# iKC 2006 HOLLAND!!



## JenniM (Apr 27, 2006)

This was the first time I had travelled to Holland and it certainly wont be the last!! The host city of Utretcht was beautiful and the event was thoroughly enjoyable - I would like to thank Mr Hesselmann and his team for organising this event in Europe. It was great to arrive and meet up with old friends and leave with new ones!! - I enjoyed all the Seminars by a great cross section of Instructors and it was especially good to meet Mr Paul Dye who gave a great Seminar going over the original old techniques and how they link in with what we do today, very nostalgic and a glimpse into the past, Mr Dennis Lawson on tension and relaxation, Dr J Terpstra MD, Phd gave an interesting talk on Martial Science, a big subject for an hour and I would have liked to have spent more time on this topic but it was a busy event! - Great to meet Mark Wolpert and Ken Hermann for the first time who in conjunction with Mr Ed Parker Jnr gave a great Seminar on the use of the Kenpo Kards and we had a lot of fun with that, Mr Ryan Angell and Mr Kevin Mills (can't think who he is :wink2: ) gave excellent Seminars on SL4! (Doc you can be justly proud!!) - These are just a few of the excellent Instructors who were there from both the USA and from around Europe - It was also an absolute treat to see Doreen Cogliandro enter into the Senior Ladies Black Belt sparring after so many years and win the title - the fighting spirit and technique was very much still there and was an absolute pleasure and treat to watch. Back home now and very tired but happy!!!  A very special event in Europe and the beginning of a brighter future for Kenpo!!! Go to the link below for some of our pictures - I will have more soon. 

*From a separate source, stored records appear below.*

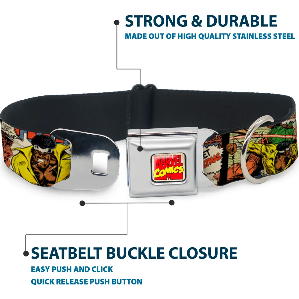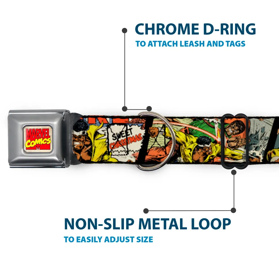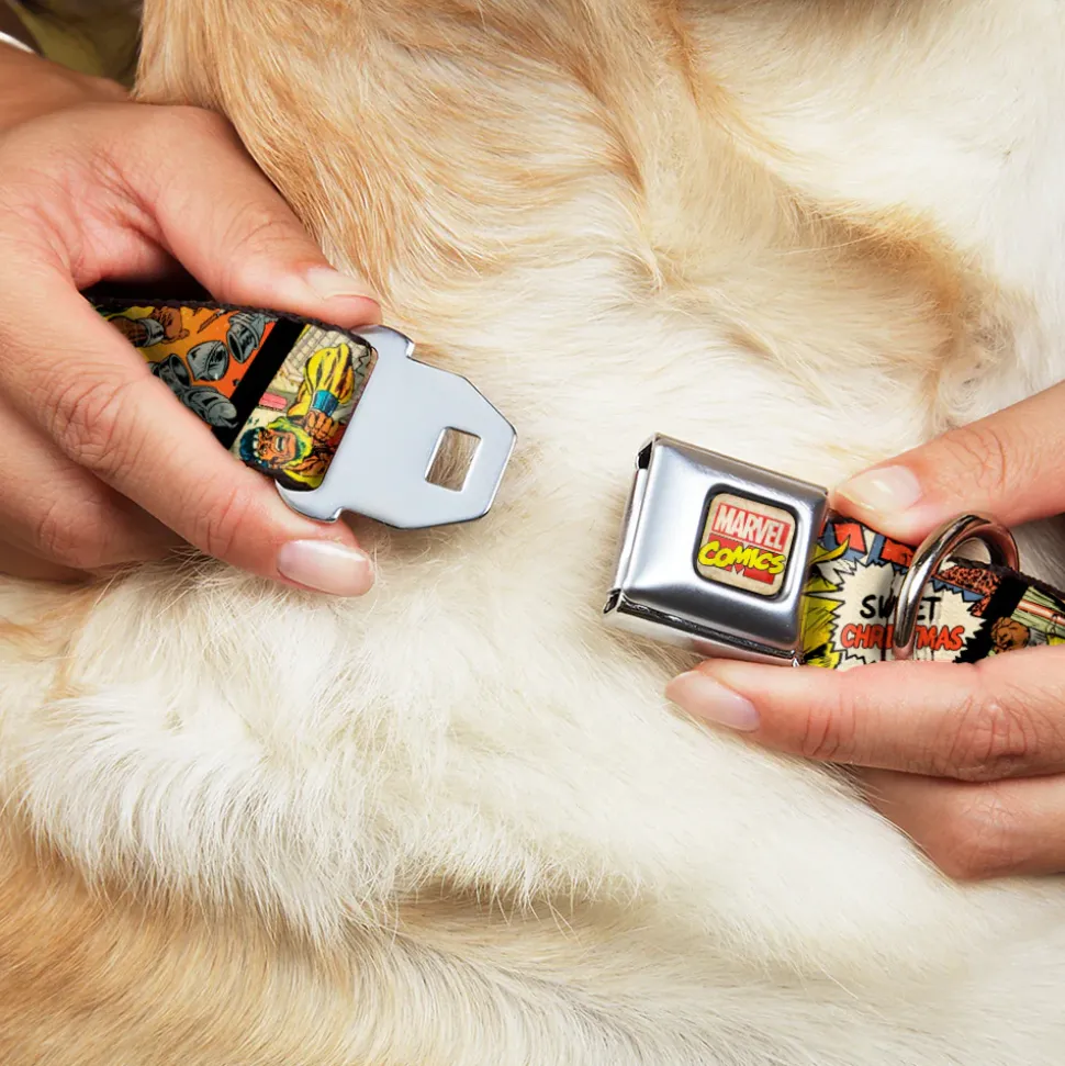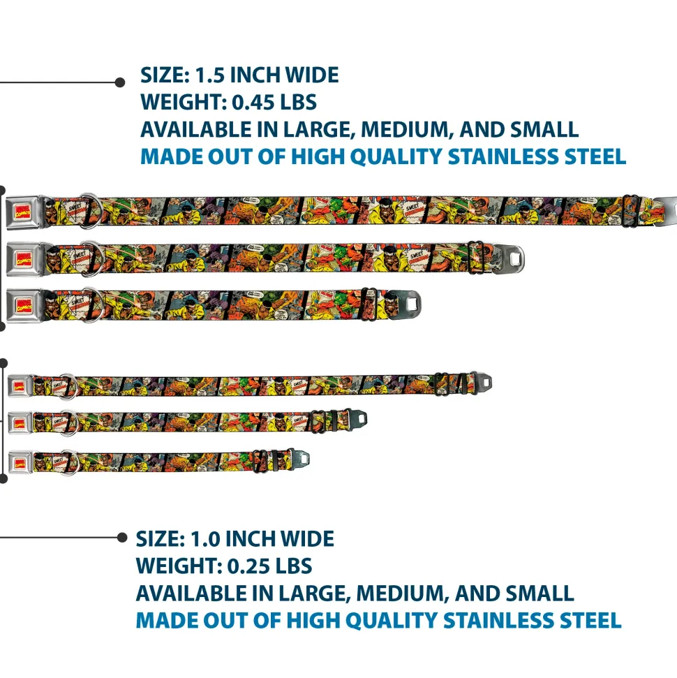 Your dog will be the talk of the town when people notice they’re wearing this awesome SeatBelt Dog Collar! Made from high-density polyester and durable steel components, this collar is built to last. It features beautiful vibrant artwork. The buckle is a miniature authentic SeatBelt Buckle, so you press the center button to release the clasp. This product is Made in USA by Buckle-Down Inc. and officially licensed by Marvel Comics.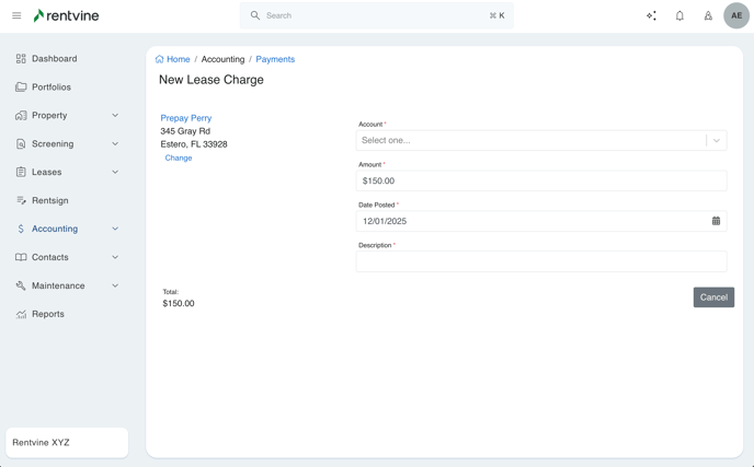- You will see that this processes the request and will take you to the lease charge page for the selected tenant and will prefill all of the information. All that will need to be done is a quick review and confirm the selection by clicking save.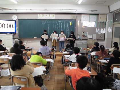 グループごとに,学校じまんできる場所や行事,人などを決め,写真や文で紹介します。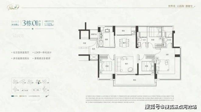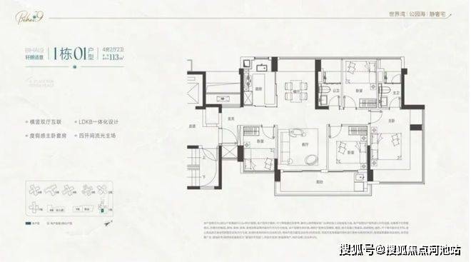 105-122㎡四房:主流改善,2梯4户,西南看海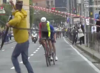 Tensão na Volta a Itália: Homem tenta derrubar pelotão e quase provoca acidente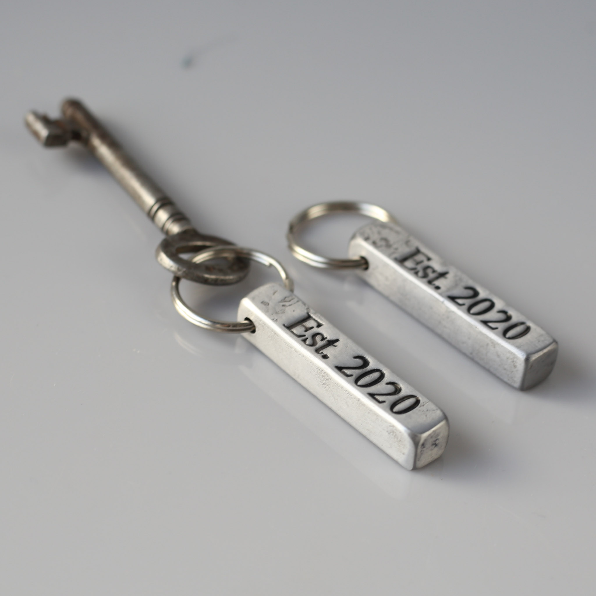 These Handmade Iron Key Chains come in a choice of Style – Polished Square Bar, Raw Square Bar or Dog Tag.

http://homepage.mac.com/jennimills/PhotoAlbum1.html


----------



## kenpoworks (Apr 27, 2006)

It was great to see so many old friends again, as usual the swapping of information carried on well past the seminar/competition format, a great event, well done to Hans and the rest of the Dutch crew.
Rich
Jersey


----------



## Ross (Apr 27, 2006)

Yeah, it was a really fantastic few days.

Some really great seminars and a good competition!

Roll on Vegas!


----------